■ **Assignment**
Keep the text of the data exactly as it is and omit each picture from the copy.

■ **The data**

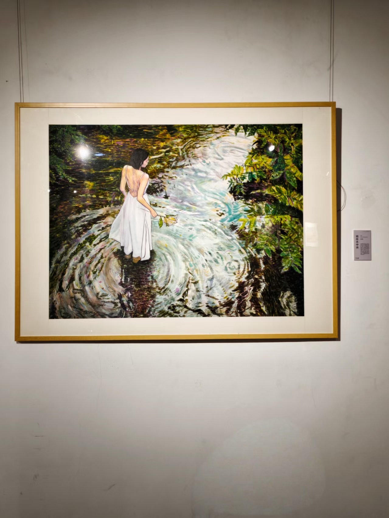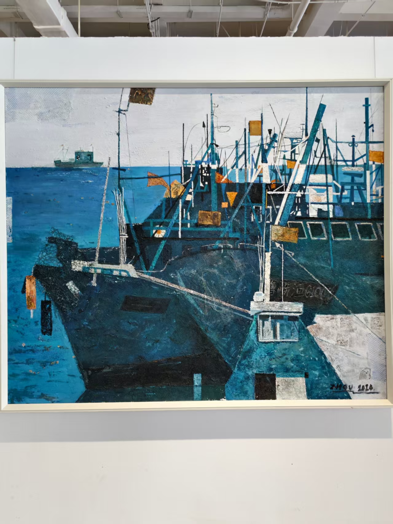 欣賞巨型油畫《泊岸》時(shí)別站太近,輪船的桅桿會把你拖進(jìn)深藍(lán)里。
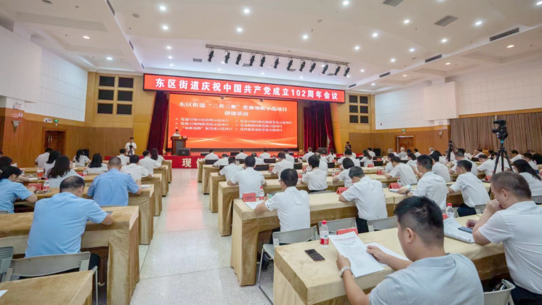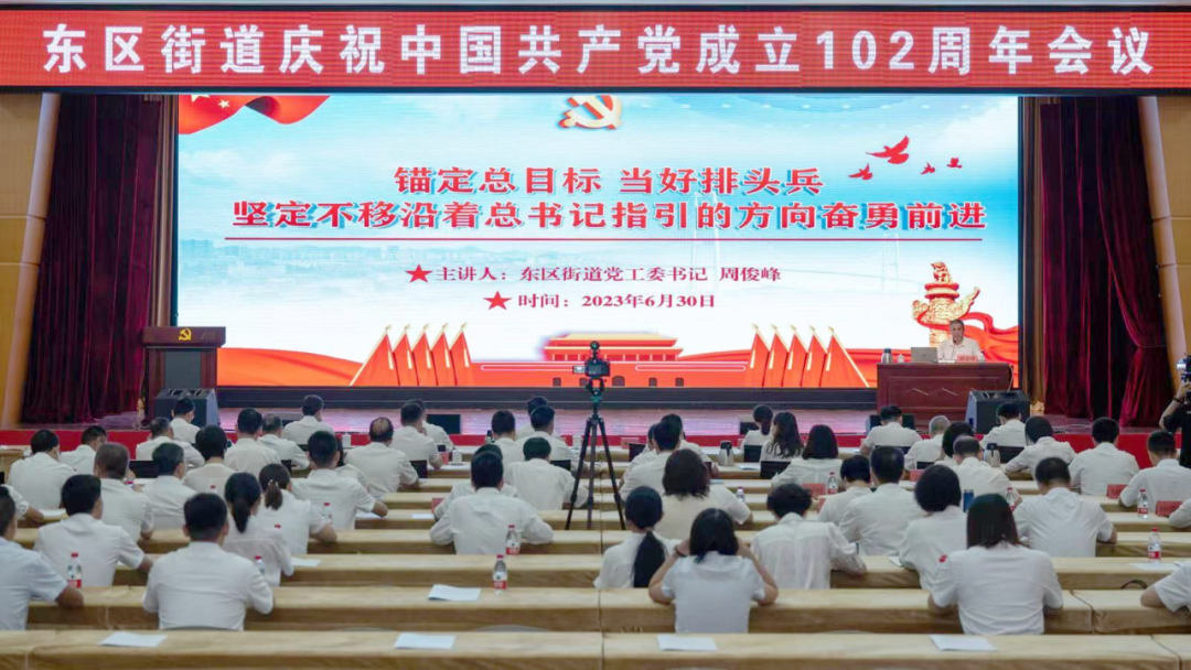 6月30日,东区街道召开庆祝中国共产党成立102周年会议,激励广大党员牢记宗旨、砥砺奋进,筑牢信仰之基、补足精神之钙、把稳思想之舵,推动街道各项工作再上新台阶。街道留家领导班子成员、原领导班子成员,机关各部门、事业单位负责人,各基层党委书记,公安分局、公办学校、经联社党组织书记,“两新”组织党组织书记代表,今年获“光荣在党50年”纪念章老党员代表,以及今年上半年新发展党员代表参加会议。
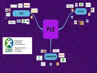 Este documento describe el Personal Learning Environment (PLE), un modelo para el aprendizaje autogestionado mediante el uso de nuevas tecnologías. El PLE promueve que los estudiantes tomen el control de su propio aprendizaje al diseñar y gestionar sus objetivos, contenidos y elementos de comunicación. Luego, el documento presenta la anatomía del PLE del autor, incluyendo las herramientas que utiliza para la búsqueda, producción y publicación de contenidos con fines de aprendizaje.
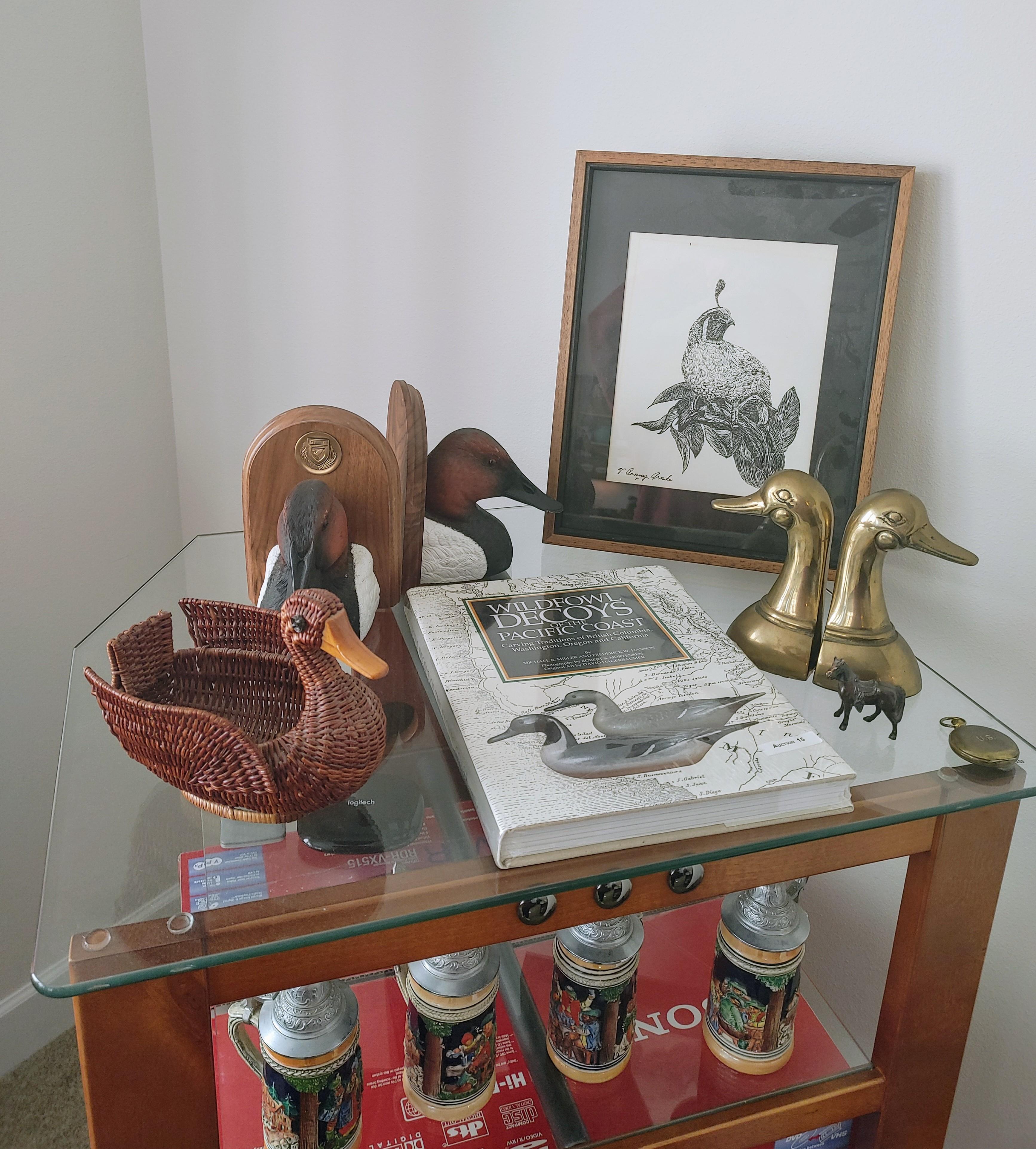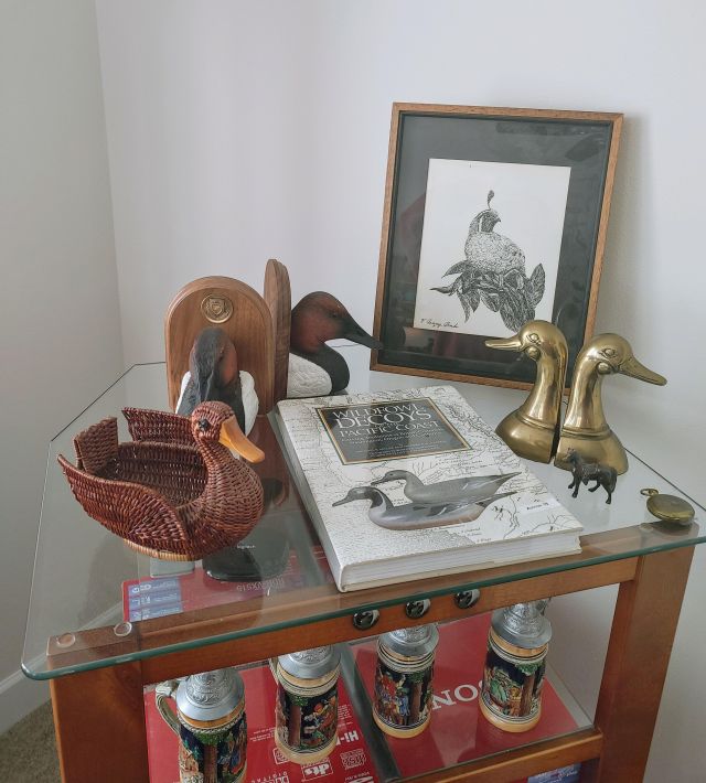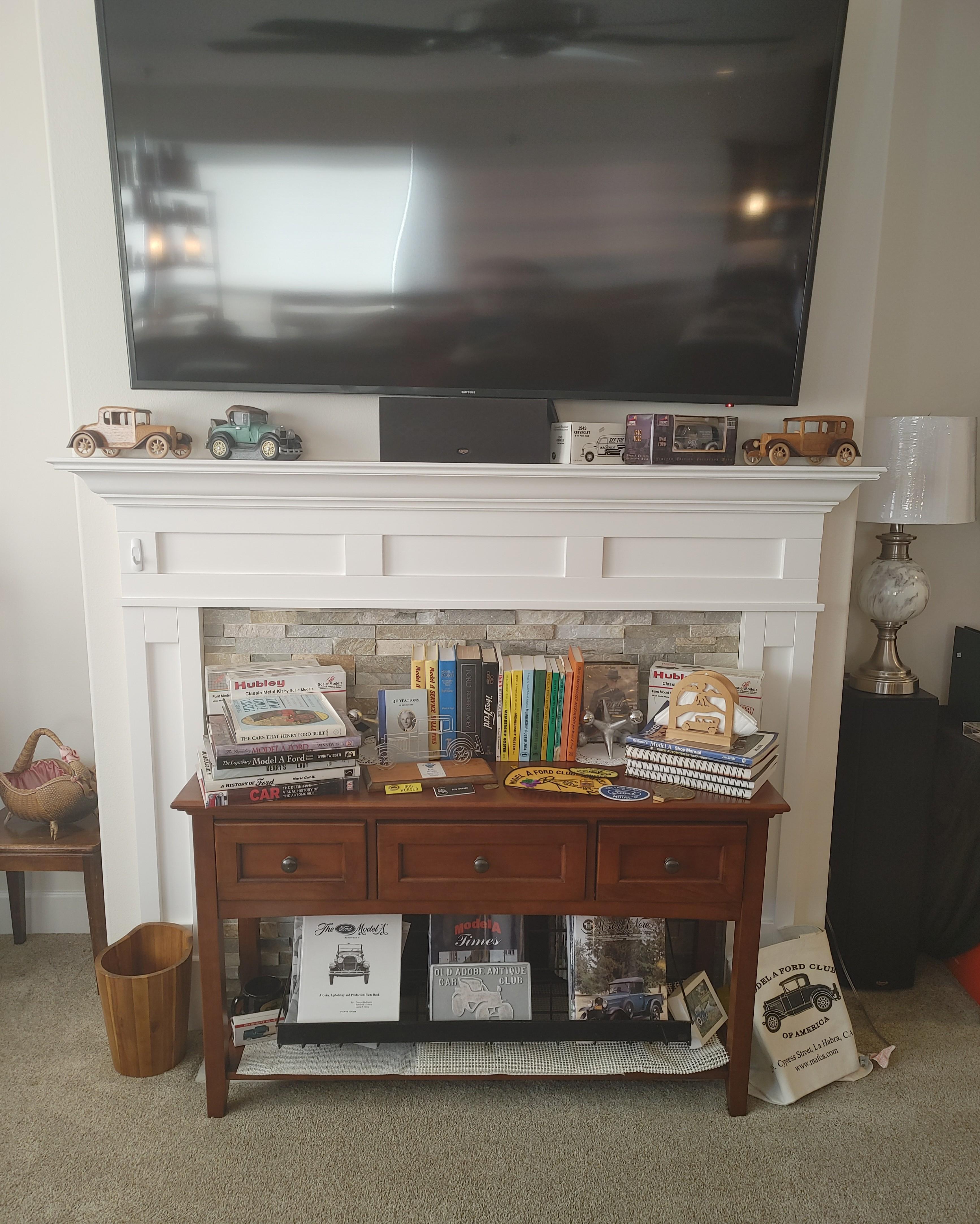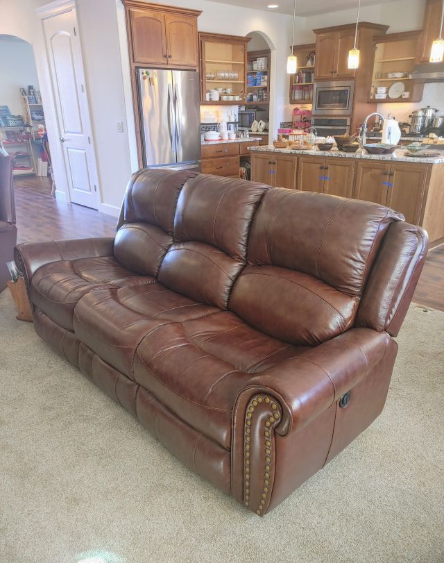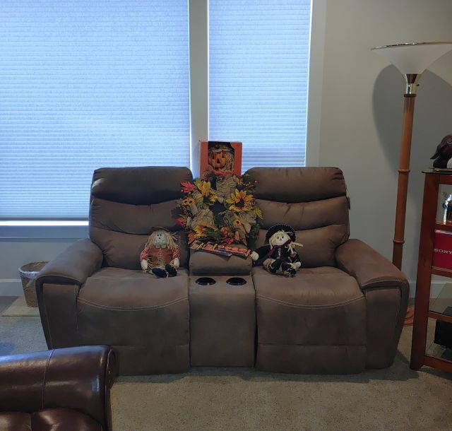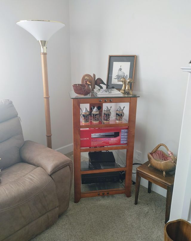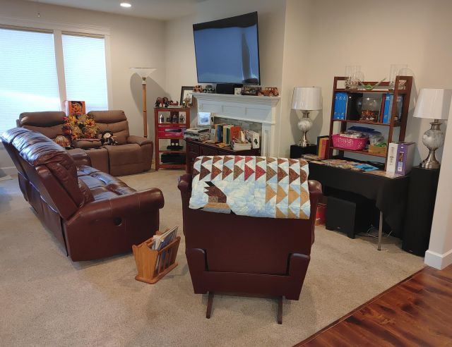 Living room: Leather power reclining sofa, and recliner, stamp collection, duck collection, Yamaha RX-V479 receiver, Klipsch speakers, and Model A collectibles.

■ **Worked solution**
 欣賞巨型油畫《泊岸》時(shí)別站太近,輪船的桅桿會把你拖進(jìn)深藍(lán)里。
 6月30日,东区街道召开庆祝中国共产党成立102周年会议,激励广大党员牢记宗旨、砥砺奋进,筑牢信仰之基、补足精神之钙、把稳思想之舵,推动街道各项工作再上新台阶。街道留家领导班子成员、原领导班子成员,机关各部门、事业单位负责人,各基层党委书记,公安分局、公办学校、经联社党组织书记,“两新”组织党组织书记代表,今年获“光荣在党50年”纪念章老党员代表,以及今年上半年新发展党员代表参加会议。
 Este documento describe el Personal Learning Environment (PLE), un modelo para el aprendizaje autogestionado mediante el uso de nuevas tecnologías. El PLE promueve que los estudiantes tomen el control de su propio aprendizaje al diseñar y gestionar sus objetivos, contenidos y elementos de comunicación. Luego, el documento presenta la anatomía del PLE del autor, incluyendo las herramientas que utiliza para la búsqueda, producción y publicación de contenidos con fines de aprendizaje.
 Living room: Leather power reclining sofa, and recliner, stamp collection, duck collection, Yamaha RX-V479 receiver, Klipsch speakers, and Model A collectibles.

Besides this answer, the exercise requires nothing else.